Write out, word for word, the part of the listing below that opens with the line containing "29,3 | 23,0 |" and closes with the line containing "Instalatie LED perdea", keeping both of those lines and adding no others.

- [Source information]
--- --- ---

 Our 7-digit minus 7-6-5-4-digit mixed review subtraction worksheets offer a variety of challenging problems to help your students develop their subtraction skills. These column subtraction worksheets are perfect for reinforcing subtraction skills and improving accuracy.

--- --- ---

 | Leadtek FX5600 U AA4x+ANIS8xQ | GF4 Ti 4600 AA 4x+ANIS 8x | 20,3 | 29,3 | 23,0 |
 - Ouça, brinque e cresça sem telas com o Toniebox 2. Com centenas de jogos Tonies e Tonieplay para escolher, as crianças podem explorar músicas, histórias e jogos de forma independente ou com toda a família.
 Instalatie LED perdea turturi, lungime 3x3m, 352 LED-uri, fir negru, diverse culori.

--- --- ---

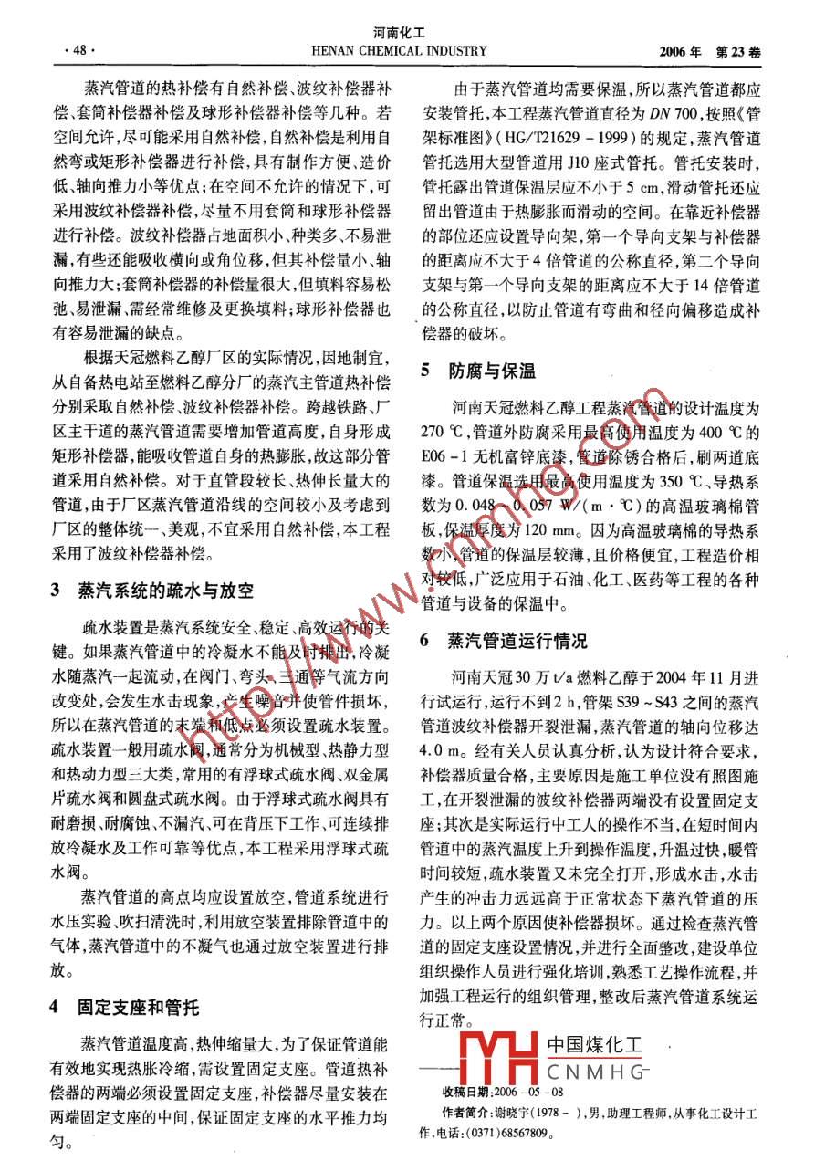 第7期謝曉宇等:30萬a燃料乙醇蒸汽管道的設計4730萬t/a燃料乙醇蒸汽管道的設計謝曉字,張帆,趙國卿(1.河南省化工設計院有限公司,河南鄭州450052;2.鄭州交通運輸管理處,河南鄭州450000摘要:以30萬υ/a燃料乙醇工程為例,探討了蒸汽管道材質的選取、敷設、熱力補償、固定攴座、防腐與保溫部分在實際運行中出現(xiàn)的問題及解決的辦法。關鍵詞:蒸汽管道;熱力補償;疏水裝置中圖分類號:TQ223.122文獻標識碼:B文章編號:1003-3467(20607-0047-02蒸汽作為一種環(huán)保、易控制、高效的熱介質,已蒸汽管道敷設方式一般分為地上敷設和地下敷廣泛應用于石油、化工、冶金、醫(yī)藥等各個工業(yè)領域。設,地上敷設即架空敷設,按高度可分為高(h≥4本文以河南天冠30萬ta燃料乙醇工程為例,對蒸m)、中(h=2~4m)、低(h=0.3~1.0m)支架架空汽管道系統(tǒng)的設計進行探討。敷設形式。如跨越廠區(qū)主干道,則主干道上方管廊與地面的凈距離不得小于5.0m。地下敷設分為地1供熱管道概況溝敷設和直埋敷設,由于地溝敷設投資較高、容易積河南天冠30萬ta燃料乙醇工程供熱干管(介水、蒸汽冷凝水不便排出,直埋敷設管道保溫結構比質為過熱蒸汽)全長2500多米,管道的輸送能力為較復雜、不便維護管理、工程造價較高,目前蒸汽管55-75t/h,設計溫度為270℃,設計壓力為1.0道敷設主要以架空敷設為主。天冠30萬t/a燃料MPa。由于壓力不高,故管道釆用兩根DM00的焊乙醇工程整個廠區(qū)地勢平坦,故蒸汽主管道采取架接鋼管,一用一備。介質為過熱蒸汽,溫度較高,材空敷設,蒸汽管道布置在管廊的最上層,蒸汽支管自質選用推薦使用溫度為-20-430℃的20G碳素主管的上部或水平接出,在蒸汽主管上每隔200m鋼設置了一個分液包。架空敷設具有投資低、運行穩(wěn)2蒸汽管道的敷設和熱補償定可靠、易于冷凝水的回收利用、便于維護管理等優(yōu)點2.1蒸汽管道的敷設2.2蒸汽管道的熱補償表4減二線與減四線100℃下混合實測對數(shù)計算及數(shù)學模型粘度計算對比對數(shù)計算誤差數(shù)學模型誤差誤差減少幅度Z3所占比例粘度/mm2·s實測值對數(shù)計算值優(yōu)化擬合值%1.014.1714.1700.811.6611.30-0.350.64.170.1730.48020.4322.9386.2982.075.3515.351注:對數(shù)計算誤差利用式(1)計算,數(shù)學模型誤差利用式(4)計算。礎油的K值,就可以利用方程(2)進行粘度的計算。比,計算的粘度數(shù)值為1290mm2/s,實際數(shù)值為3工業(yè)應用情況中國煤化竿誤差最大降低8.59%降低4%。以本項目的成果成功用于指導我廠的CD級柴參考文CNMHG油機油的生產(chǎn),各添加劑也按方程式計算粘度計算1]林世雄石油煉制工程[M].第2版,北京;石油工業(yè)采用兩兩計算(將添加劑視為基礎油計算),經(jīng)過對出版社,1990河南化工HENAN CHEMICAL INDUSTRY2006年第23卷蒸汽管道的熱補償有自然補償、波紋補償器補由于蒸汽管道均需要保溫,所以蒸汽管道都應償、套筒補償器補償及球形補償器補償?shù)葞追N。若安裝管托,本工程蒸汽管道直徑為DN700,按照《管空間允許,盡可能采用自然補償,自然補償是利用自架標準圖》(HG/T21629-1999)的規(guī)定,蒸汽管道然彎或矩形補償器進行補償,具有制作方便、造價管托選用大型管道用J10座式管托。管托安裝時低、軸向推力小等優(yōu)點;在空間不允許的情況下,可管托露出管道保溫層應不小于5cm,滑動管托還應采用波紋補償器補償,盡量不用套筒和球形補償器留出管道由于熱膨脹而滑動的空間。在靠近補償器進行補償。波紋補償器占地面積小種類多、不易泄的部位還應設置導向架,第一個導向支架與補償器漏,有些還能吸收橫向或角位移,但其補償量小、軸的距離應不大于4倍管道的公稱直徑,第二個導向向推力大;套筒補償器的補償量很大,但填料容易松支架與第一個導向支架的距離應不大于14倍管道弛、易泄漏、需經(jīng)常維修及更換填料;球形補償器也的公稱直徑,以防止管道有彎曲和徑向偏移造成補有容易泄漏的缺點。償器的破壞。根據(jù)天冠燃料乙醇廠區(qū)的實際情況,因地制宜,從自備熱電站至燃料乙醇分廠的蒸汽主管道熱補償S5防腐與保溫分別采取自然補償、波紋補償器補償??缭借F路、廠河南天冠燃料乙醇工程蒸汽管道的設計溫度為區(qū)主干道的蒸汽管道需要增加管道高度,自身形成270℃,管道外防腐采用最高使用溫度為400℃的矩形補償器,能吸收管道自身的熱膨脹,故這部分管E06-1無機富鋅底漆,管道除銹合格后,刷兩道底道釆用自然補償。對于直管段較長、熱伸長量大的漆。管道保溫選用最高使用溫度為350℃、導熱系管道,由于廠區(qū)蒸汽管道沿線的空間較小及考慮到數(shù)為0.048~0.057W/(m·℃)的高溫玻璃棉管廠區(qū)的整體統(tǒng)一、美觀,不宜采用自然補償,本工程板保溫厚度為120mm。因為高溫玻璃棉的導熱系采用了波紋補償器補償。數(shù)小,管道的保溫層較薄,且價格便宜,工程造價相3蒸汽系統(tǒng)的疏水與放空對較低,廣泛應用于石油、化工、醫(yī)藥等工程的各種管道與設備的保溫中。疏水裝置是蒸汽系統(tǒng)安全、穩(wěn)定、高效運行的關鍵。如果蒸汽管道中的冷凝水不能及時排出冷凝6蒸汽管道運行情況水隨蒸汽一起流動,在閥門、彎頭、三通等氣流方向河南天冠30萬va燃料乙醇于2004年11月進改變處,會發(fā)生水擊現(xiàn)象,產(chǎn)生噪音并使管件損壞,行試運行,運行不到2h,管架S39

--- --- ---

- [Result]
 | Leadtek FX5600 U AA4x+ANIS8xQ | GF4 Ti 4600 AA 4x+ANIS 8x | 20,3 | 29,3 | 23,0 |
 - Ouça, brinque e cresça sem telas com o Toniebox 2. Com centenas de jogos Tonies e Tonieplay para escolher, as crianças podem explorar músicas, histórias e jogos de forma independente ou com toda a família.
 Instalatie LED perdea turturi, lungime 3x3m, 352 LED-uri, fir negru, diverse culori.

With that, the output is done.